Amity Institute of Biotechnology, Amity University Maharashtra - Mumbai - Pune Expressway, Bhatan, Panvel, Maharashtra 410206, India.
Radiation & Photochemistry Division, Bhabha Atomic Research Centre, Mumbai 400 085, India; Homi Bhabha National Institute, Anushaktinagar, Mumbai 400085, India.
Int J Biol Macromol. 2023 Sep 30;249:125934. doi: 10.1016/j.ijbiomac.2023.125934. Epub 2023 Jul 22.

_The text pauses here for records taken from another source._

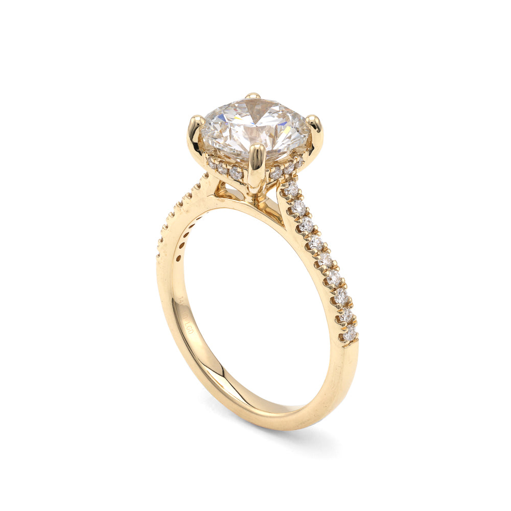 Discover the ReMARKable Designs Lab-Grown Diamond Complete Engagement Ring, an exquisite symbol of love and elegance. This breathtaking piece features a stunning 1 Round Lab-Grown Diamond with a total weight of 2.50 carats, boasting a radiant G color and VS2 clarity. Accentuated by 30 additional Round Lab-Grown Diamonds, adding 0.29 carats, this ring's brilliance is gracefully set in a luxurious 14 Karat Yellow Gold band. Designed to fit comfortably at size 7, this engagement ring embodies the perfect fusion of classic sophistication and modern sustainability, making it a true masterpiece from ReMARKable Designs
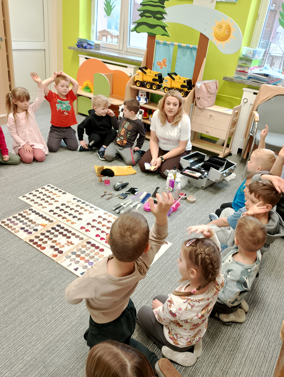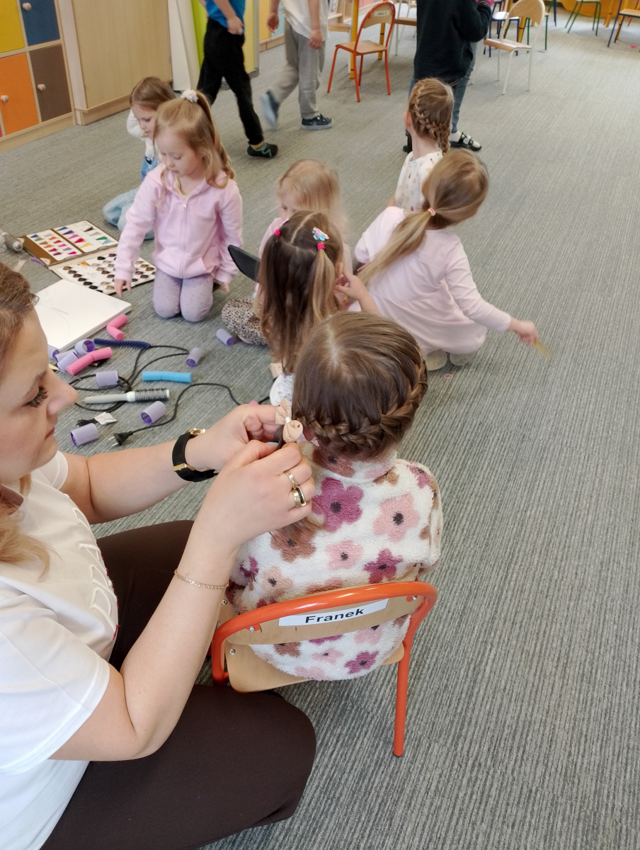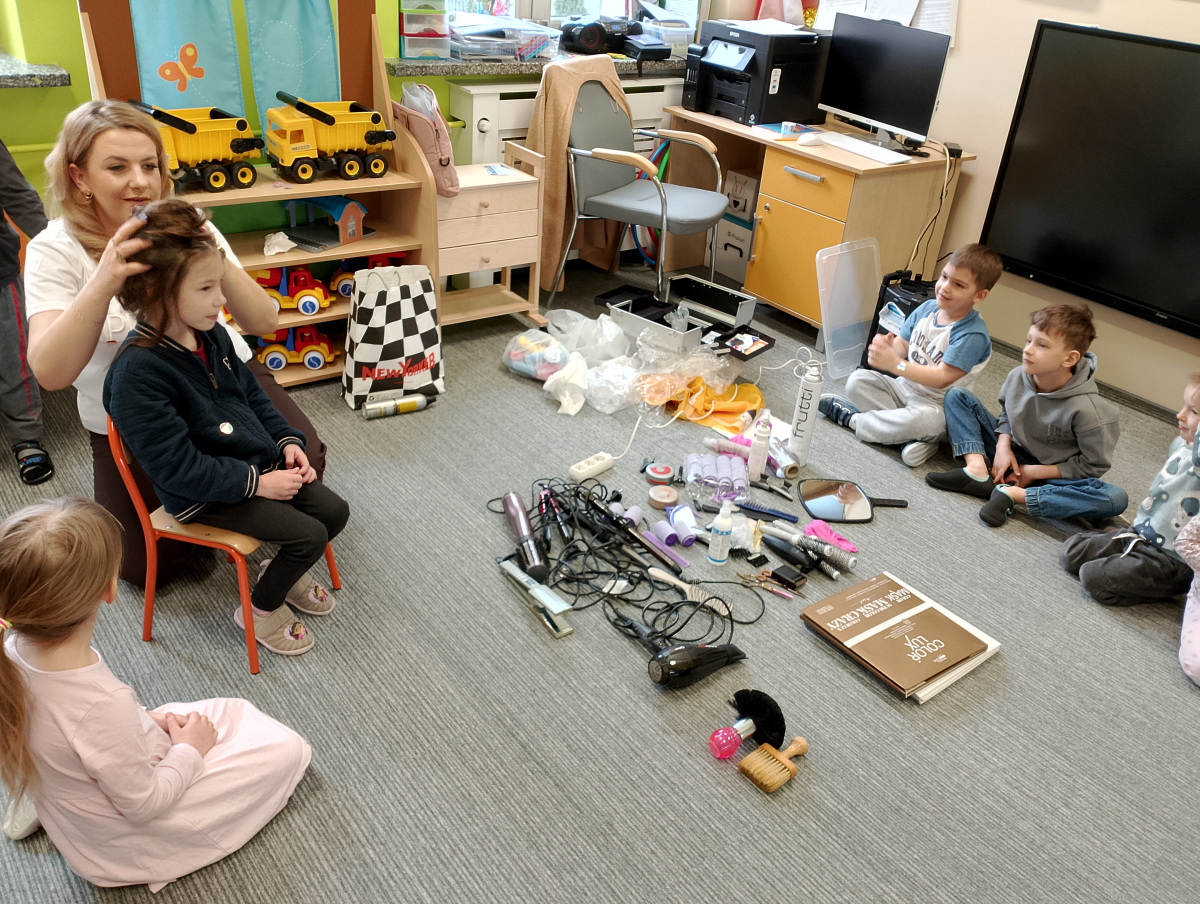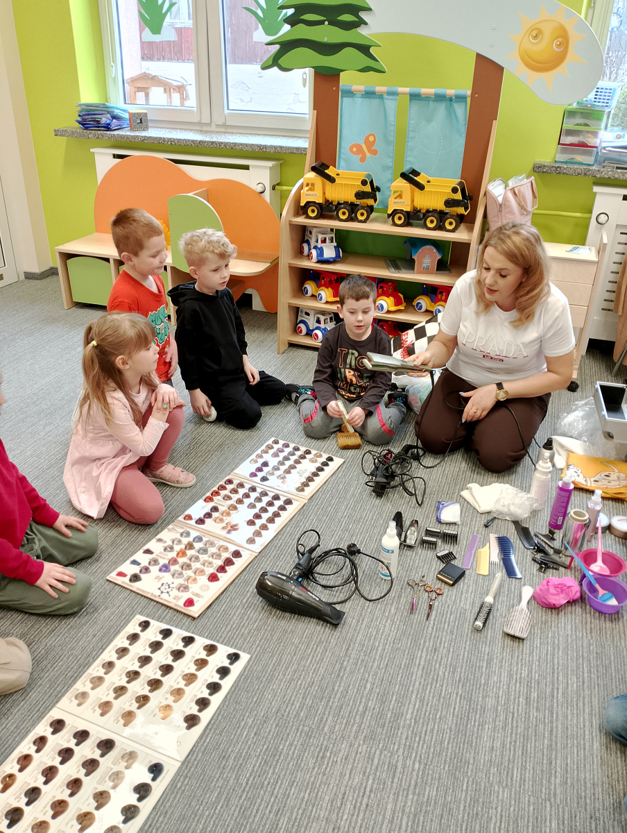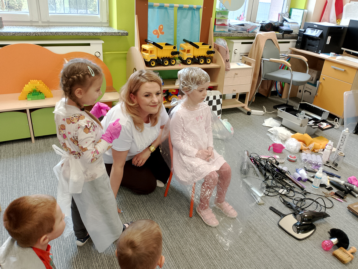 W ramach zajęć z preorientacji zawodowej odwiedził nas wyjątkowy gość – fryzjerka, Pani Monika, mama naszego przedszkolaka Tymusia. Podczas spotkania opowiedziała dzieciom o swojej pracy, przybliżając zawód fryzjera w ciekawy i przystępny sposób. Przedszkolaki miały okazję zobaczyć różnorodne narzędzia fryzjerskie, palety kolorów oraz profesjonalny sprzęt wykorzystywany w salonie. Największą atrakcją okazała się część praktyczna – dzieci z ogromnym zaangażowaniem wcielały się zarówno w rolę fryzjera, tworząc fryzury swoim kolegom i koleżankom, jak i w rolę klienta, oddając się w ręce Pani Moniki i innych dzieci.To były cudowne zajęcia, pełne radości, uśmiechu i nowych doświadczeń. Dzieci były zachwycone i aktywnie uczestniczyły we wszystkich proponowanych aktywnościach.
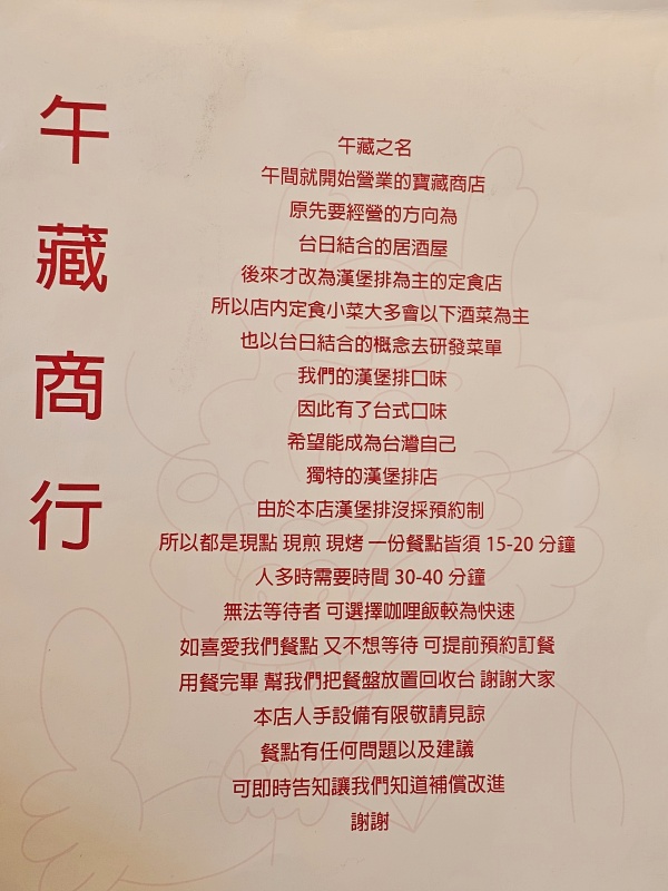 「捷運:三重國小站」午藏商行Wu cang Shang hang 漢堡排專賣~1150131結束營業
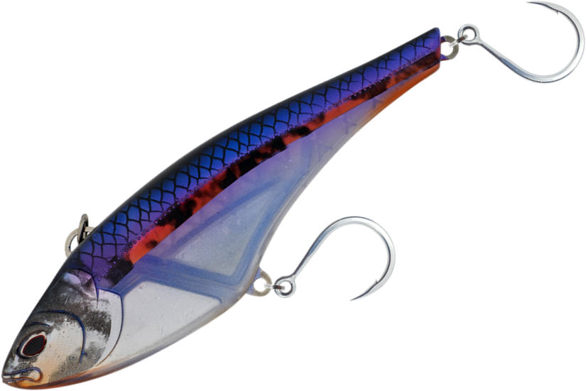 The MADMACS is a sinking, high speed trolling minnow with an amazing vibrating action. The Patented Auto Tune System ensures it will always troll straight and run perfectly across a huge range of speeds – as slow as 5kn all the way up to 12knt. It will run at a depth of around 1.8-2.4m when trolled at slower speeds and around 1-1.2m depth when trolled fast. The ability to troll at all speeds makes this a must have lure in every spread. Visit the Nomad Design YouTube channel for details on rigging.
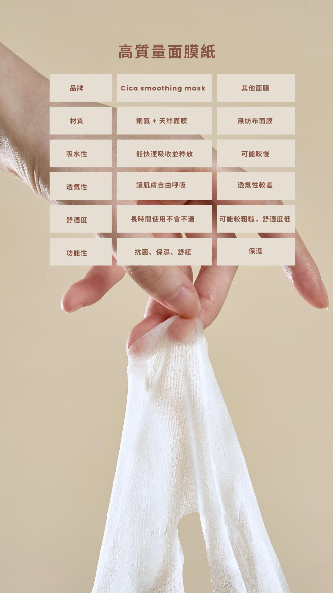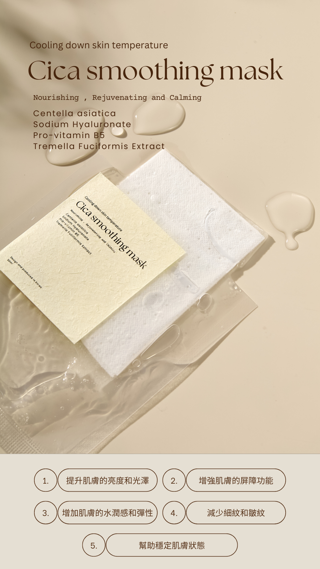 韓國院線等級的積雪草修復痘痘面膜(CICA Smoothing Mask),以高濃度積雪草精華結合舒緩抗炎成分,有效鎮靜泛紅、修復受損、改善痘痘及敏感不適。面膜布柔軟貼膚,能將精華均勻滲透肌底,令肌膚快速回復穩定、光滑與細緻。
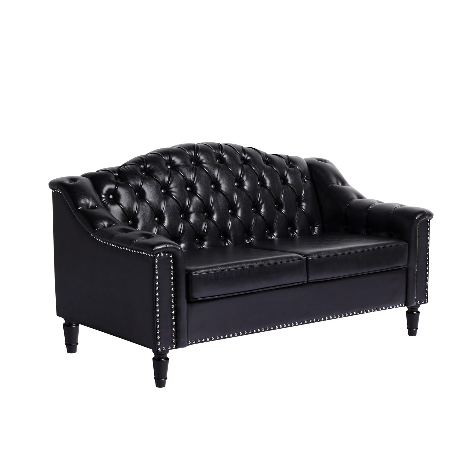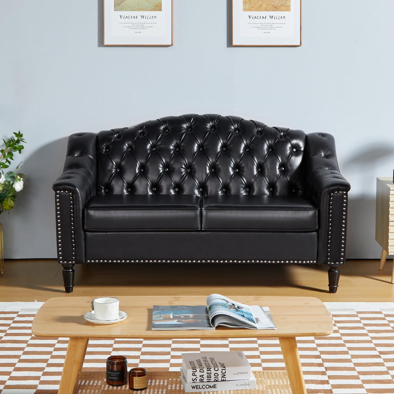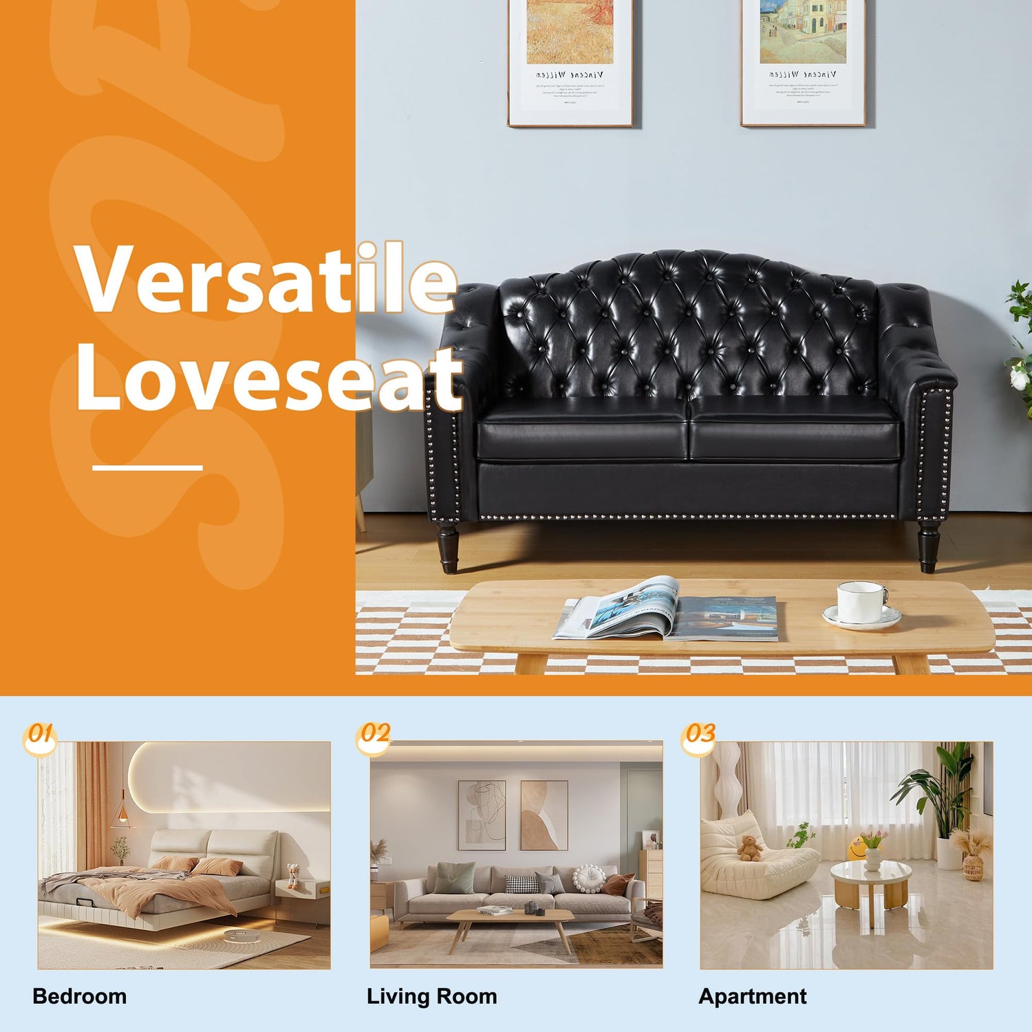 Chesterfield Loveseat, 55" Leather Love Seat Sofa, Comy Small Sofa Counch with Camelback for Small Spaces, Mid Century Modern 2 Deep Seats Couch for Apartment Living Room, Bedroom (PU-Loveseat, Black)
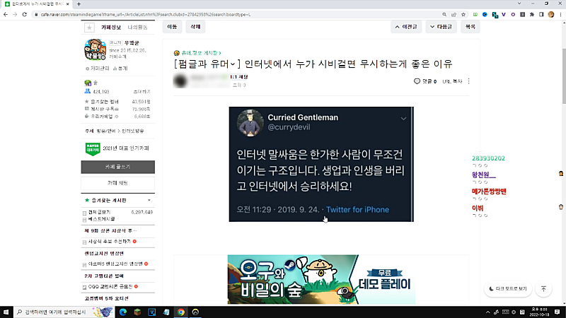 진짜 쿨찐들 레전드 .만 찍혀도 개난리칠거면서

Heparinase is the only mammalian endoglycosidase that breaks down the commonly used blood-anticoagulant heparin into therapeutically relevant low-molecular-weight-heparin. Importantly, heparinase has been considered a malignant disease diagnostic marker. Thus, it is essential to develop detection scheme for heparinase. However, optical methods for heparinase determination are limited. In the present work, we report a turn-on fluorescence sensor for detection of heparinase that utilizes heparin-templated aggregation of a tetra-cationic porphyrin derivative, TMPyP, as a sensing framework. Heparinase cleaves the glycosidic linkage between hexosamine and uronic acid in the structure of heparin to destroy its polyelectrolytic nature that originally causes the aggregation of TMPyP. Thus, heparinase leads to dissociation of TMPyP aggregates and generates an optical signal. This system leads to a sensitive and selective response towards heparinase with a Limit of Detection (LOD) of 0.3 pmol/L. Further, the same system is demonstrated to sense a trace amount of Oversulfated Chondrootin Sulphate (OSCS) in heparin, which is a heparin adulterant, by utilizing the fact that OSCS serves as an inhibitor for heparinase activity, which leads to reverse modulation in the photo-physical features of the monomer/aggregate equilibrium of the TMPyP-heparin-heparinase system. The sensing mechanism has been thoroughly demonstrated by ground-state absorption, steady-state emission, and time-resolved emission measurements. The selectivity of the sensor was tested using lysozyme, α-amylase, pepsin, trypsin, lipase, and glucose oxidase in the heparinase selectivity study and the method is also validated using another method reported in the literature. The study provides a new approach for the development of optical methods for the detection of heparinase and oversulfated chondroitin sulfate, which is currently limited.
肝素酶是唯一一种能将常用的抗凝血剂肝素分解成具有治疗意义的低分子量肝素的哺乳动物内切糖苷酶。重要的是,肝素酶已被认为是一种恶性疾病的诊断标志物。因此,开发肝素酶的检测方案至关重要。然而,光学方法在肝素酶测定方面受到限制。在本工作中,我们报道了一种基于肝素模板聚合的四阳离子卟啉衍生物 TMPyP 的荧光传感器,用于检测肝素酶。肝素酶可裂解肝素结构中氨基葡萄糖和糖醛酸之间的糖苷键,破坏其原有的聚电解质性质,导致 TMPyP 聚集。因此,肝素酶会导致 TMPyP 聚集物的解离,并产生光学信号。该系统对肝素酶具有灵敏和选择性的响应,检测限(LOD)为 0.3 pmol/L。此外,通过利用 OSCS 是肝素酶活性的抑制剂这一事实,该系统还可用于检测痕量的肝素中的过硫酸化软骨素硫酸盐(OSCS),OSCS 是肝素的一种掺杂物,这会导致 TMPyP-肝素-肝素酶体系的单体/聚集平衡的光物理特征发生反向调制。通过基态吸收、稳态发射和时间分辨发射测量对传感机制进行了彻底的证明。在肝素酶选择性研究中,使用溶菌酶、α-淀粉酶、胃蛋白酶、胰蛋白酶、脂肪酶和葡萄糖氧化酶对传感器的选择性进行了测试,并使用文献中报道的另一种方法对该方法进行了验证。该研究为开发光学方法检测肝素酶和过硫酸化软骨素提供了一种新的途径,目前这方面的方法受到限制。